It's Friday. Sex?
Did you know that cab drivers don't take quarters for payment? They don't even like it when you ask.
So he said if we had sex he'd take me to Build A Bear. My virginity is so worth a trip to build a bear.
You're 20.
IT'S BUILD A BEAR!
She checked into foursquare right as she left work so he would think she was there late and not on some other guy's dick
I have to say for barely passing high school, that girl is a genius.

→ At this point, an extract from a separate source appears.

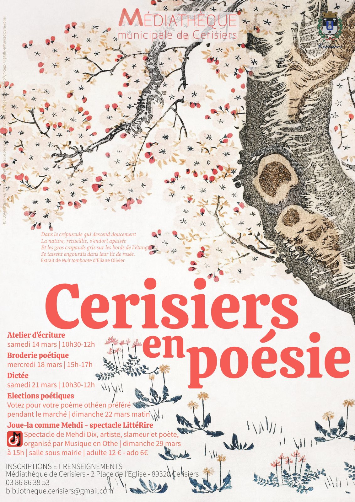Kirschbäume in Poesie Médiathèque 2 Place de l'Église 89320 CERISIERS Route anzeigen

oh god all I remember is forward rolls down the corridor and all I have to show for it is "fit Romanian guy" saved in my phone
My phone now knows what I type and it prompts me with frequently used words. And anytime I use "and" and hit the space key two of the words are "unicorn" and "sausage"
well shes beginning to earn a reputation as "the girl who tries to bone her hook ups in the ass with a pickle"
she's unstoppable after she starts doing shots and yelling NANNER
Had a dream I beat up niall then madeout with him while snorting coke out of a dragons egg
Do you remember lying across two tables saying 'go away I'm trying to pull' to me, Sollie and Sean?
Apparently mr clean magic erasers don't clean blood off the ceiling
A guy just grabbed my balls before he shook my hand because he thought he knew me.
I'm that daughter that had to send her mother "DON'T GET SHITFACED" & yes, in ALL CAPS.
Only in the emergency room do they shut the door when youre laughing too hard
Anything special planned for Valentines Day?
Does testing the strength of my coworker’s marriage count?